Multiple elements listed with “and/or” should be construed in the same fashion, i.e., “one or more” of the elements so conjoined. Other elements may optionally be present other than the elements specifically identified by the “and/or” clause, whether related or unrelated to those elements specifically identified. Thus, as a non-limiting example, a reference to “A and/or B”, when used in conjunction with open-ended language such as “comprising” can refer, in one embodiment, to A only (optionally including elements other than B); in another embodiment, to B only (optionally including elements other than A); in yet another embodiment, to both A and B (optionally including other elements); etc.

[00111] As used herein in the specification and in the claims, “or” should be understood to have the same meaning as “and/or” as defined above. For example, when separating items in a list, “or” or “and/or” shall be interpreted as being inclusive, i.e., the inclusion of at least one, but also including more than one, of a number or list of elements, and, optionally, additional unlisted items. Only terms clearly indicated to the contrary, such as “only one of’ or “exactly one of,” or, when used in the claims, “consisting of,” will refer to the inclusion of exactly one element of a number or list of elements. In general, the term “or” as used herein shall only be interpreted as indicating exclusive alternatives (i.e. “one or the other but not both”) when preceded by terms of exclusivity, such as “either,” “one of,” “only one of,” or “exactly one of.” “Consisting essentially of,” when used in the claims, shall have its ordinary meaning as used in the field of patent law.

[00112] As used herein in the specification and in the claims, the phrase “at least one,” in reference to a list of one or more elements, should be understood to mean at least one element selected from any one or more of the elements in the list of elements, but not necessarily including at least one of each and every element specifically listed within the list of elements and not excluding any combinations of elements in the list of elements. This definition also allows that elements may optionally be present other than the elements specifically identified within the list of elements to which the phrase “at least one” refers, whether related or unrelated to those elements specifically identified. Thus, as a non-limiting example, “at least one of A and B” (or, equivalently, “at least one of A or B,” or, equivalently “at least one of A and/or B”) can refer, in one embodiment, to at least one, optionally including more than one, A, with no B present (and optionally including elements other than B); in another embodiment, to at least one, optionally including more than one, B, with no A present (and optionally including elements other than A); in yet another embodiment, to at least one, optionally including more than one, A, and at least one, optionally including more than one, B (and optionally including other elements); etc.

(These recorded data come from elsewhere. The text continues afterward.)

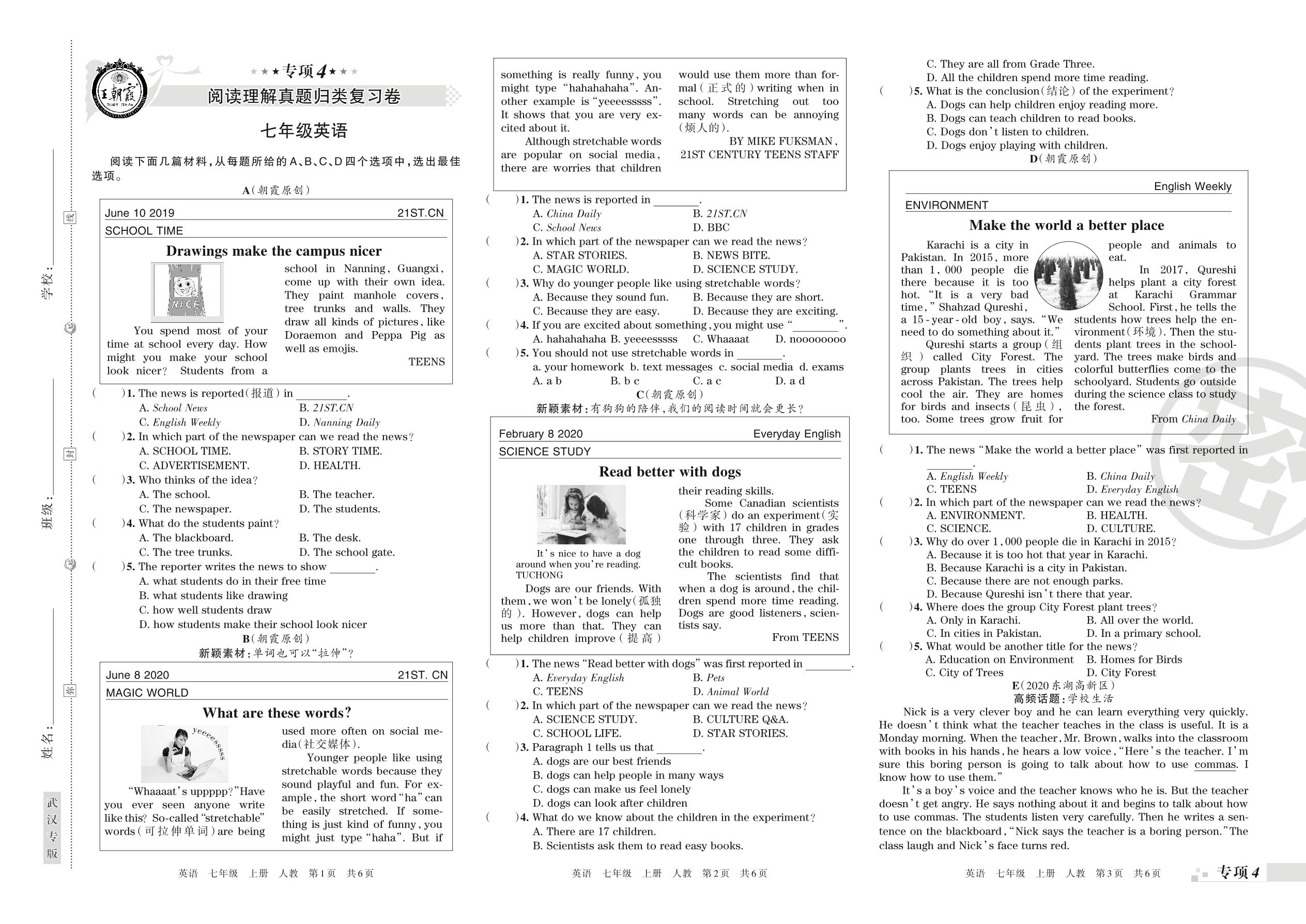 王朝霞期末专项卷——阅读理解真题归类复习七年级上册英语(人教版)
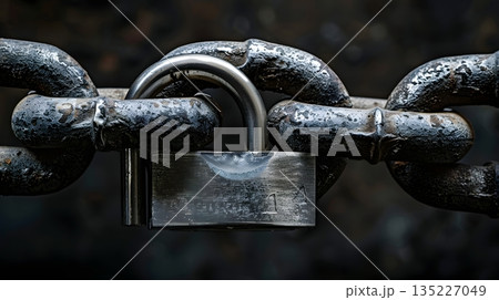 重厚で無骨な錆びついた鉄板に絡み合う古い鋼鉄のチェーン
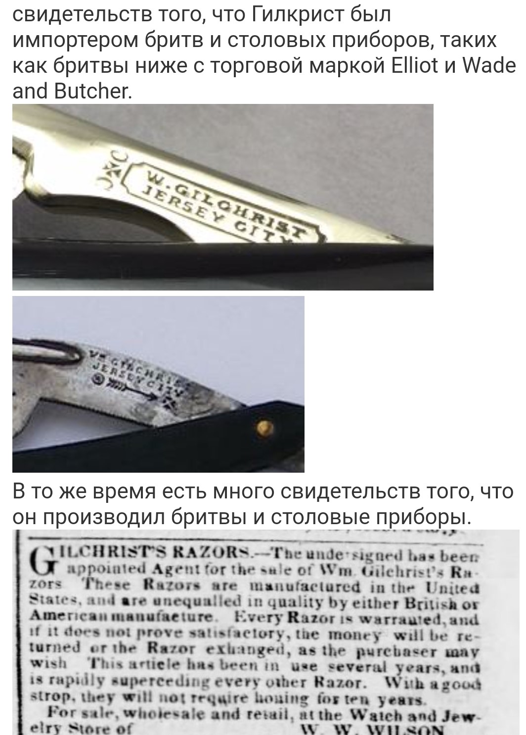Возможно, но не имеет доказательств, что бритвы со штампом Wm.Gilchrist были изготовлены Уильямом-старшим, а Ramapo - Уильямом-младшим.
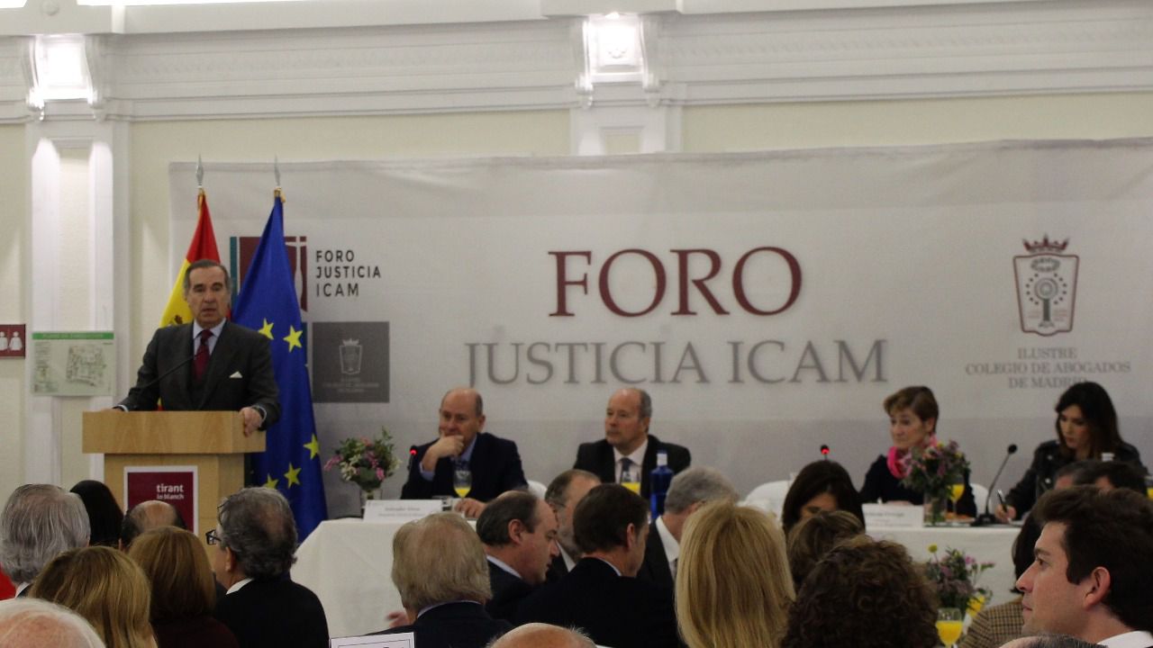 El decano del Colegio de Abogados de Madrid se ha referido hoy al papel de la abogacía institucional en la resolución del conflicto de Cataluña durante el Foro Justicia celebrado hoy en la sede del ICAM. Tras las intervenciones del ministro de Justicia, Juan Carlos Campo, y de la presidenta de la Abogacía Española, Victoria Ortega, y en respuesta a una pregunta de los asistentes, José María Alonso ha expresado su convicción de que la vía de solución del problema pasa necesariamente por la sociedad civil. “Soy de los que opinan que la solución por vía política es muy complicada, las pretensiones que se plantean por los grupos catalanes que están negociando con el Gobierno, como el derecho a la autodeterminación, no tienen encaje en la Constitución, y veo escaso margen para que el Gobierno pueda ceder”.
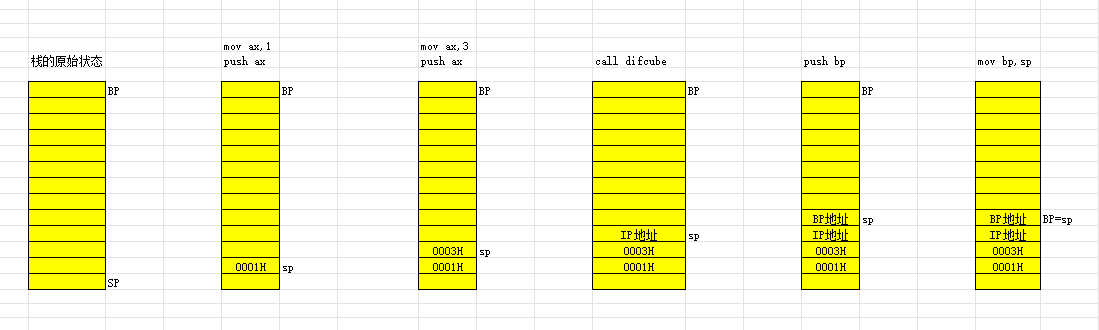 先将1压入栈中,再将3压入栈中,然后再将栈基指针BP目前状态的地址压入栈中,执行mov bp,sp是将栈基指针和栈顶指针统一,建立子程序的栈帧;
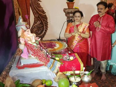 राज्याचे जलसंपदामंत्री गिरीश महाजन यांनी मुंबई येथील निवासस्थानी श्रीं ची स्थापना केली. सोबत त्यांच्या पत्नी व जामनेरच्या नगराध्यक्षा साधना महाजन.
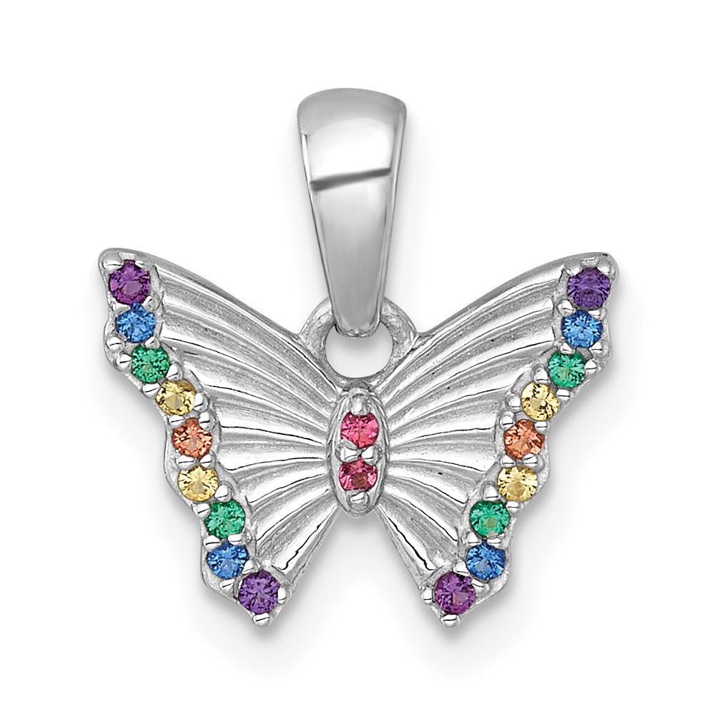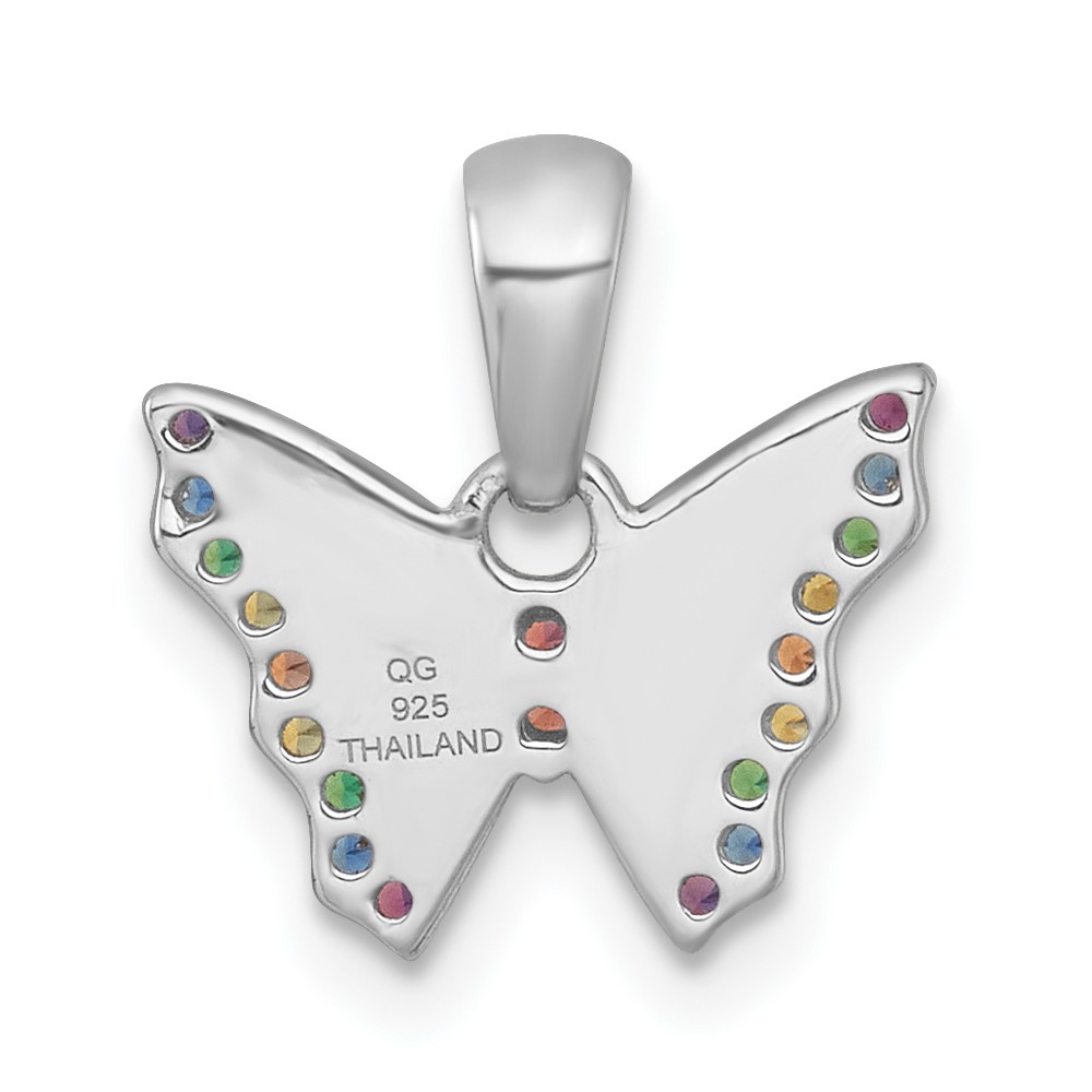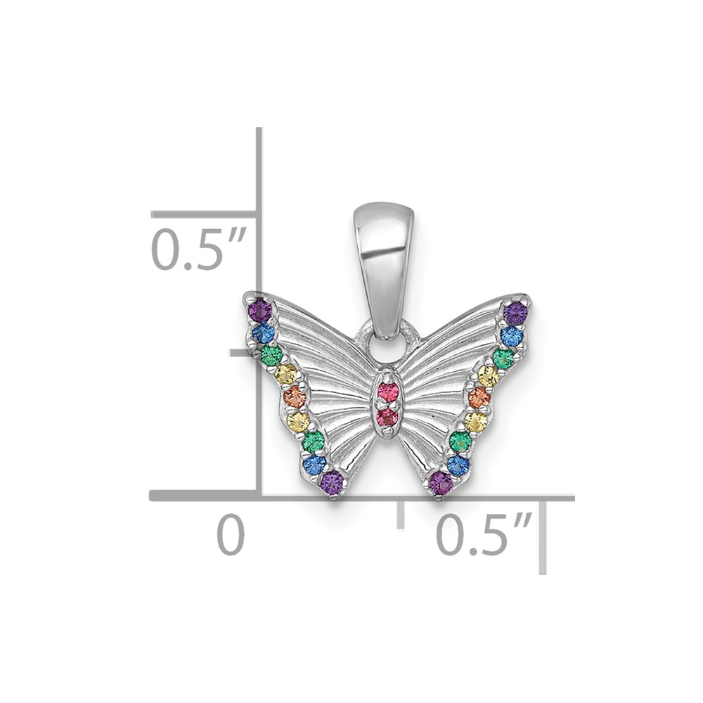 Sterling Silver Rhodium-plated Polished Rainbow Nano Crystals Butterfly Childrens Pendant

[00113] It should also be understood that, unless clearly indicated to the contrary, in any methods claimed herein that include more than one step or act, the order of the steps or acts of the method is not necessarily limited to the order in which the steps or acts of the method are recited.

[00114] In the claims, as well as in the specification above, all transitional phrases such as “comprising,” “including,” “carrying,” “having,” “containing,” “involving,” “holding,” “composed of,” and the like are to be understood to be open-ended, i.e., to mean including but not limited to. Only the transitional phrases “consisting of’ and “consisting essentially of’ shall be closed or semi-closed transitional phrases, respectively, as set forth in the United States Patent Office Manual of Patent Examining Procedures, Section 2111.03. It should be appreciated that embodiments described in this document using an open-ended transitional phrase (e.g., “comprising”) are also contemplated, in alternative embodiments, as “consisting of’ and “consisting essentially of’ the feature described by the open-ended transitional phrase. For example, if the disclosure describes “a composition comprising A and B”, the disclosure also contemplates the alternative embodiments “a composition consisting of A and B” and “a composition consisting essentially of A and B”.